To better explain our proposal, we use a FESTO [20] production system as an intact running application in this paper. It is a well-documented laboratory system used by many universities for research and education purposes.

The working process of FESTO is composed of three units: the distribution unit, the test unit, and the processing unit. The distribution unit consists of two steps: a pneumatic feeder and a converter. It forwards cylindrical workpieces from a stack to the testing unit. The test unit consists of three steps: the detector, the tester, and the evacuator. It performs the checking of workpieces for their height, material type, and color. Workpieces that pass the test unit successfully are forwarded to the rotating disk of the processing unit, where the drilling of workpieces is done. The result of the drilling operation is next checked by a checker and finally the finished product is removed from the system by an evacuator.
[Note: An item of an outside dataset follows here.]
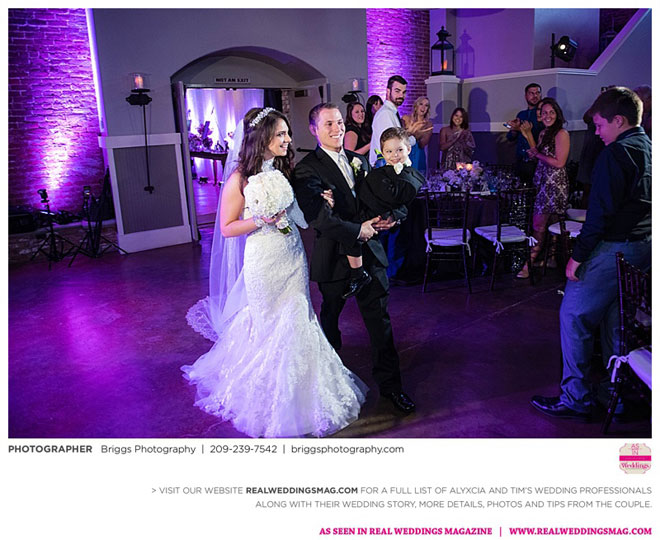 Their son was with them throughout the wedding and reception, and was there for the moment they recall as the most special of the entire day. “I was walking down the aisle and saw my future husband and our son hand in hand,” Alyxcia recalls. “I have never been so happy, and I knew how bright our future was going to be.”

Note that in this work two drilling machines Drill1 and Drill2 are used to drill workpieces. Drill1 is used in case of medium production. When high production is required, Drill2 is recommended. According to user requirements, the system FESTO is able to reconfigure automatically at run-time in response to any changed working environment caused by errors or new requirements to improve system performance without a halt. The workload behavior in Fig. 9, reproduced from [1], represents the processing load of the system, founded on our proposal.
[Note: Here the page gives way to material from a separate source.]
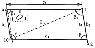 3.1.3.3 Для контроля вычислить площадь участка I поля, включающего пашню и сенокос с прудом, по сумме площадей двух треугольников в соответствии с рисунком 11. Расхождения с проектной площадью участка не должно превышать 0,02 га.

After identifying the behavior model of the system, it is necessary to specify the so-called schedulable Resources. For sake of simplicity, we use in this paper the scenario-based mapping [16] which is also one of the most used. The idea is to regroup all the operations executed at the same rate and belonging to the same linear end-to-end computation to the same task. In our FESTO system, we obtain three different threads namely task1 (pieceEjection, Convert, Test and Evacuate), task2 (pieceEjection, Convert, Test, Elevate, Rotate, Drill1, Checker and Evacuate) and task3 (pieceEjection, Convert, Test, Elevate, Rotate, Drill2, Checker and Evacuate) (Fig. 12).

Fig. 12.
figure 12

The workload behavior of FESTO system.

Full size image

Following this case study, founded on our proposal. We illustrate that an event (e.g., epieceEjection) triggers all tasks. The steps Convert and Test are part of three tasks. Similar for steps Elevate, Rotate, Checker and Evacuate, those participate for the execution of both schedulable resources Task2 and Task3. Compared to original version of MARTE, specifying these properties is not permitted. Note that, tasks can have dynamic properties (readyT, preemptT and deadlines) due to the concept of task migration, but we use the same corresponding values to facilitate our example. Anyway, we can add the different values and they will be ordered to perform scheduling analysis. After scheduling all tasks, we can specify in our SAM view the used allocations through the attributes Host: GaExecHost and the corresponding attribute ExecT: NFP_Duration.

8 Conclusion

This paper focused on the modeling of adaptability requirements of RTES, which is judged a hard engineering task, using high-level approaches. In the same context, MARTE facilitates the modeling of RTES thanks to the set of stereotypes that it offers. This profile does not allow modeling and analysis of adaptive systems. To solve this issue, we proposed an extension for MARTE profile and especially for SAM sub-profile to makes MARTE able to stand adaptability. The benefit of our approach is the ability to model adaptive properties which will be extracted, to serve during the scheduling step. Our proposal has already been performed on the papyrus tool, which is an editor of MARTE-based modeling, and validated through a case study.

As future work, we will investigate in exploiting these extensions in a new design pattern providing support for modeling adaptive RTES.